▶ [Records to use]:
BEGIN
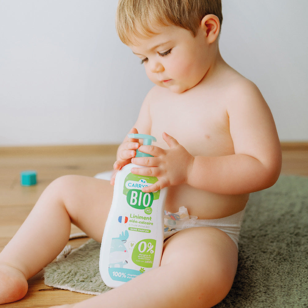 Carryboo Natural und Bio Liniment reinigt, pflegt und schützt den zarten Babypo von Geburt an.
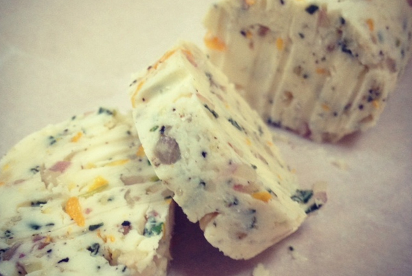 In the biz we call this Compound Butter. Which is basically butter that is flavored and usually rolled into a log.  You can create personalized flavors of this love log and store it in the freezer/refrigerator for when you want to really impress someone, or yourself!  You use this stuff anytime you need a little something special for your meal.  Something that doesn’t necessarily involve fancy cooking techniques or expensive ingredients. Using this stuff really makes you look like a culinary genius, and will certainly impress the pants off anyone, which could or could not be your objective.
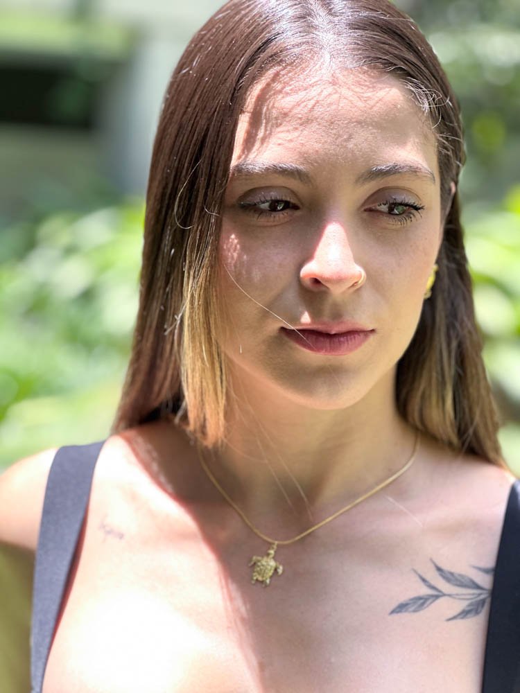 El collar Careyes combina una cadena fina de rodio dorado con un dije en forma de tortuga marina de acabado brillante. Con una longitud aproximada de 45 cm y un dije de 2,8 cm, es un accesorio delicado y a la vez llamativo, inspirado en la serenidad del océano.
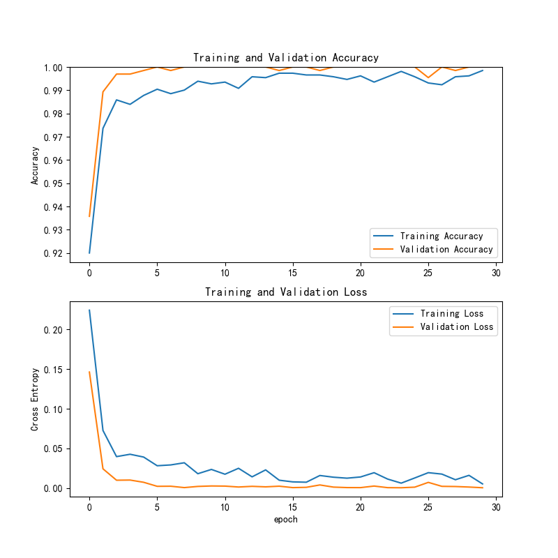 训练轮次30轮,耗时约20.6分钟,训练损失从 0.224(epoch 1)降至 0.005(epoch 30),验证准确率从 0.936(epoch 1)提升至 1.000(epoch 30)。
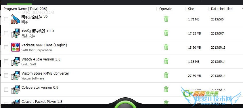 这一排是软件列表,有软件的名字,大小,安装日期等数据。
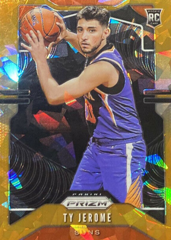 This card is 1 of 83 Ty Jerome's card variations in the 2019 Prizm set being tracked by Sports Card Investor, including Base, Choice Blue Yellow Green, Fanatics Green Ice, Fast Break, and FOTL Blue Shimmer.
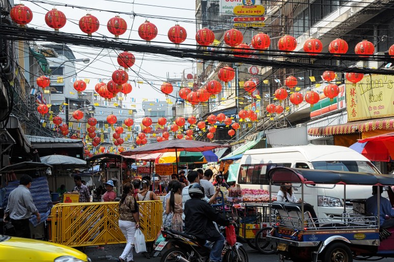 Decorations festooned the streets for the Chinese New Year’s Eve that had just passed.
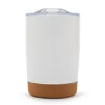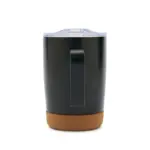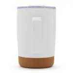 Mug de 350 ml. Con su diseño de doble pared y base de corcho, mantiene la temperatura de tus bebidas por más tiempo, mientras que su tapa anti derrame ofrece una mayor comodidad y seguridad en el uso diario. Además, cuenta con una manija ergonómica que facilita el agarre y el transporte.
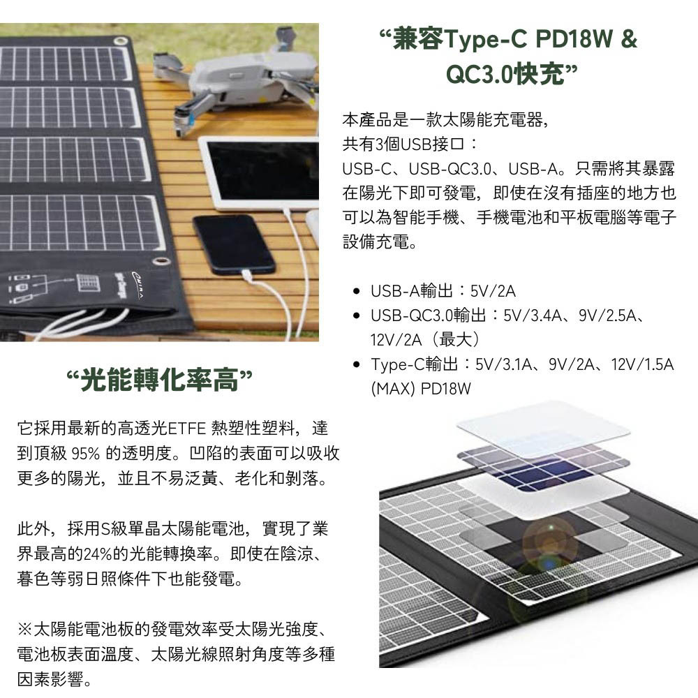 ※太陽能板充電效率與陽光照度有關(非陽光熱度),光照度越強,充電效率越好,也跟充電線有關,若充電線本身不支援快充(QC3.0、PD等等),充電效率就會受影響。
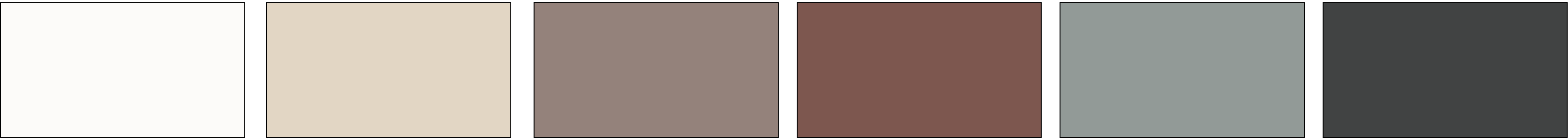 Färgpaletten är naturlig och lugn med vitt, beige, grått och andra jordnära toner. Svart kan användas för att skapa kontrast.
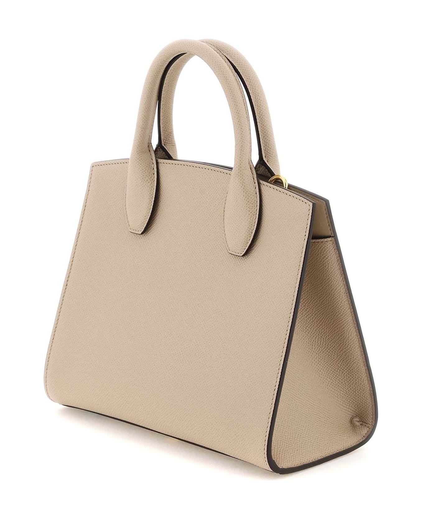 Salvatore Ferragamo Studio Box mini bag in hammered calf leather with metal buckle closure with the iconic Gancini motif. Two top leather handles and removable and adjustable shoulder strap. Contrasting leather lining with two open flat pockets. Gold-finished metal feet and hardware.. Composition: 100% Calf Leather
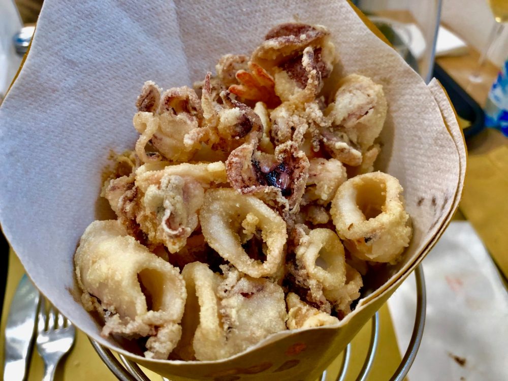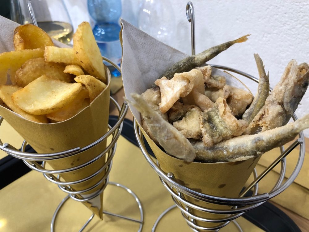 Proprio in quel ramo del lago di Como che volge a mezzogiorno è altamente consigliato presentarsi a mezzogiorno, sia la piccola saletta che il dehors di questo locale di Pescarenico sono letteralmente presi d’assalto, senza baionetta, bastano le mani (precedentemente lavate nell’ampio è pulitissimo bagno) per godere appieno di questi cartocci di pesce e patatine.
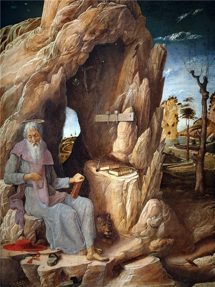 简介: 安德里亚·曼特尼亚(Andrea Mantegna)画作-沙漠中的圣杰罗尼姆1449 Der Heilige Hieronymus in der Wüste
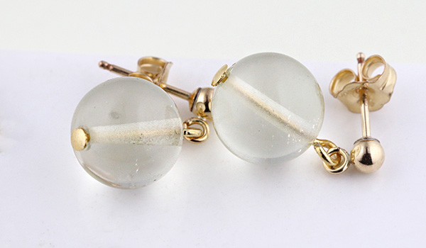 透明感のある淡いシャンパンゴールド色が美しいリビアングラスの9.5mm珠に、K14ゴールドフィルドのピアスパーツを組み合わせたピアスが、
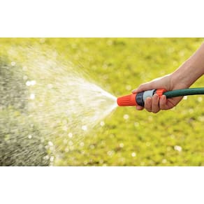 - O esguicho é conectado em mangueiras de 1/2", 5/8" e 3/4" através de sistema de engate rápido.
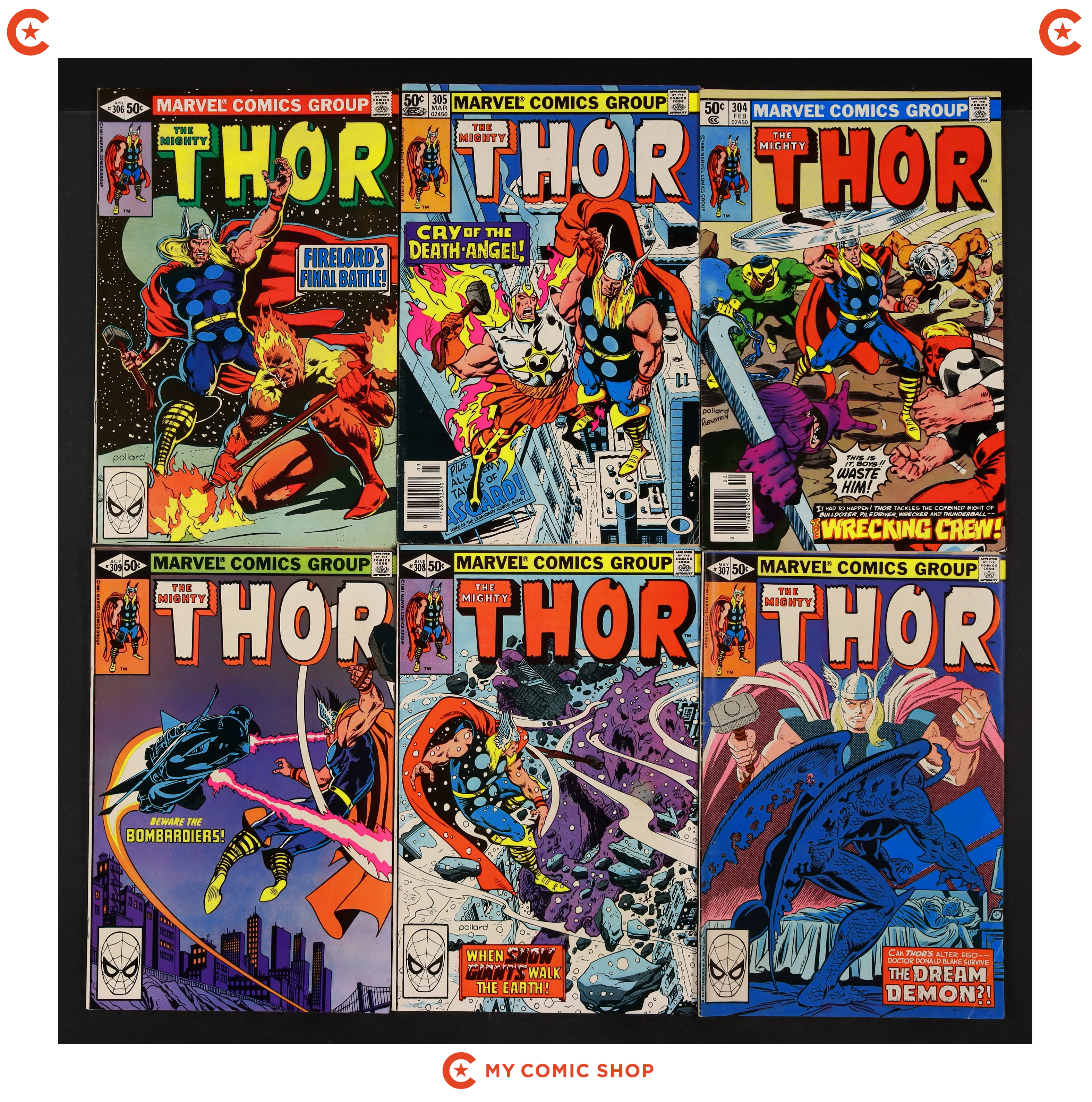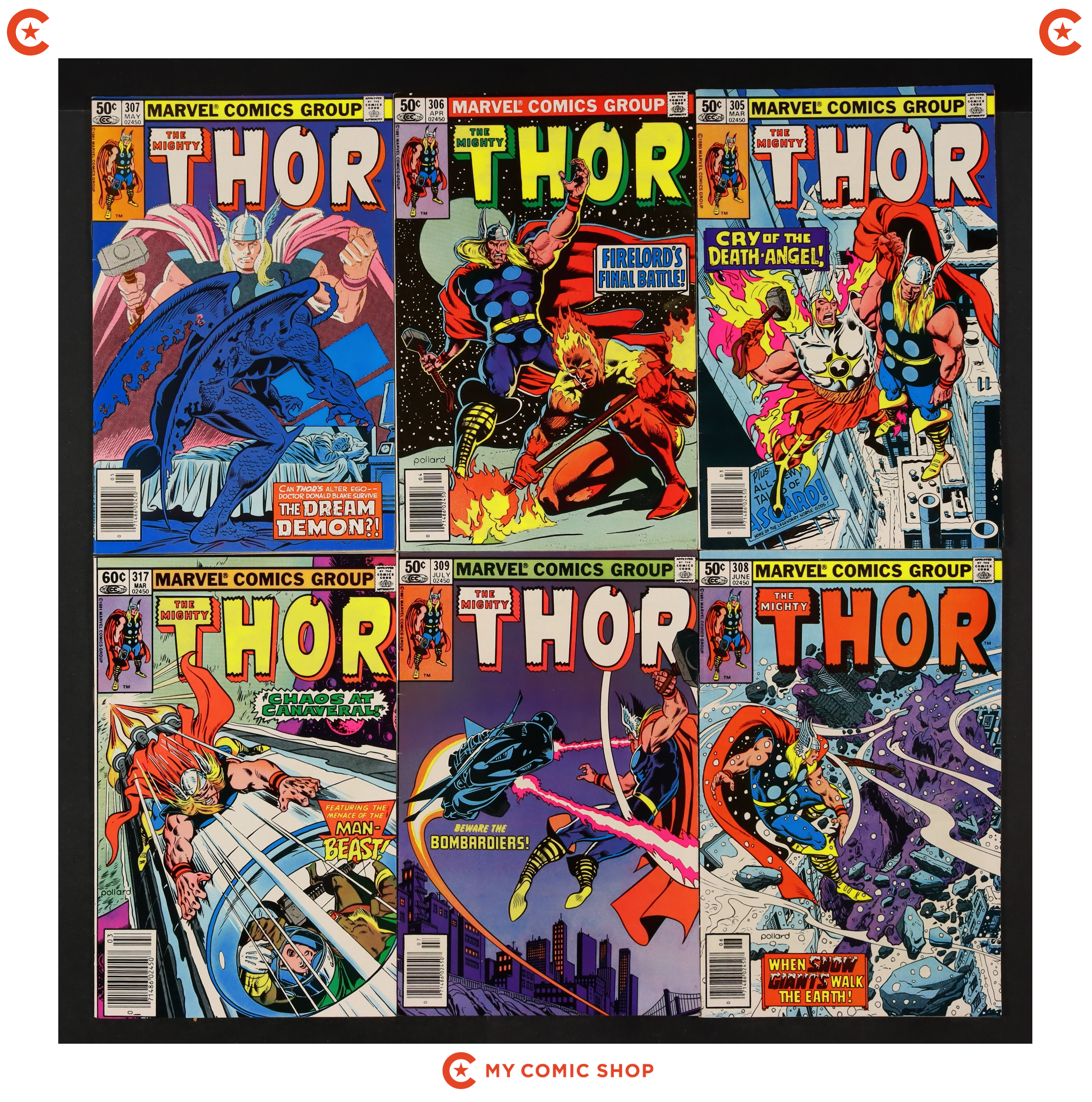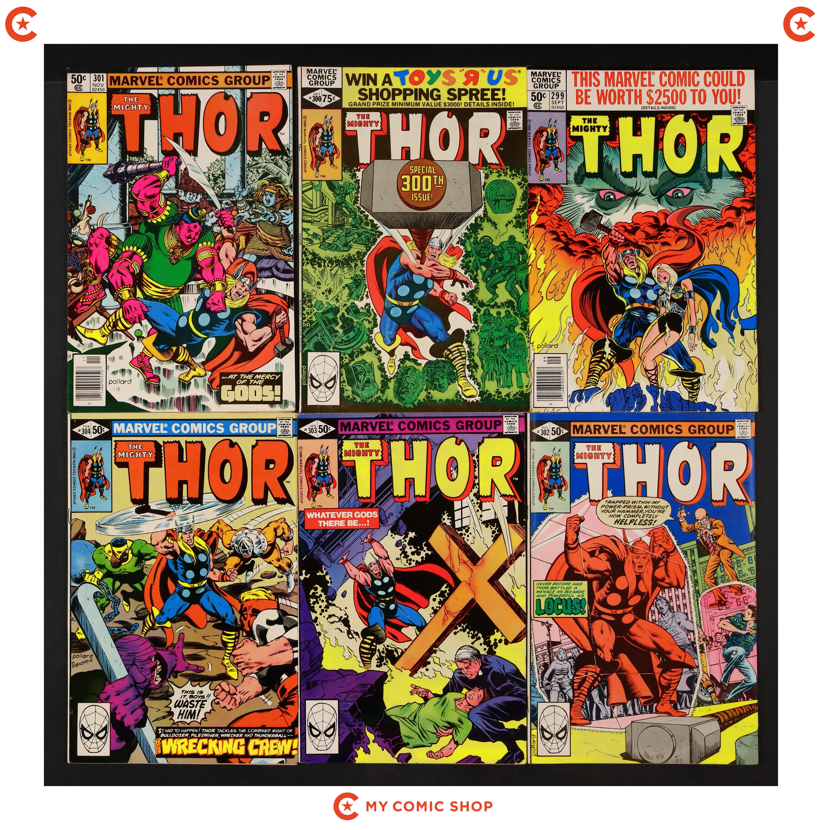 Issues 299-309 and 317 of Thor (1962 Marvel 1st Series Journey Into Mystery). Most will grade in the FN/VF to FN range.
END
▶ [Exercise details]: Retype only the lines above from the one with "Färgpaletten är naturlig" through the last, both ends included, keeping every picture out of the copy.

▶ [Task result]:
 Färgpaletten är naturlig och lugn med vitt, beige, grått och andra jordnära toner. Svart kan användas för att skapa kontrast.
 Salvatore Ferragamo Studio Box mini bag in hammered calf leather with metal buckle closure with the iconic Gancini motif. Two top leather handles and removable and adjustable shoulder strap. Contrasting leather lining with two open flat pockets. Gold-finished metal feet and hardware.. Composition: 100% Calf Leather
 Proprio in quel ramo del lago di Como che volge a mezzogiorno è altamente consigliato presentarsi a mezzogiorno, sia la piccola saletta che il dehors di questo locale di Pescarenico sono letteralmente presi d’assalto, senza baionetta, bastano le mani (precedentemente lavate nell’ampio è pulitissimo bagno) per godere appieno di questi cartocci di pesce e patatine.
 简介: 安德里亚·曼特尼亚(Andrea Mantegna)画作-沙漠中的圣杰罗尼姆1449 Der Heilige Hieronymus in der Wüste
 透明感のある淡いシャンパンゴールド色が美しいリビアングラスの9.5mm珠に、K14ゴールドフィルドのピアスパーツを組み合わせたピアスが、
 - O esguicho é conectado em mangueiras de 1/2", 5/8" e 3/4" através de sistema de engate rápido.
 Issues 299-309 and 317 of Thor (1962 Marvel 1st Series Journey Into Mystery). Most will grade in the FN/VF to FN range.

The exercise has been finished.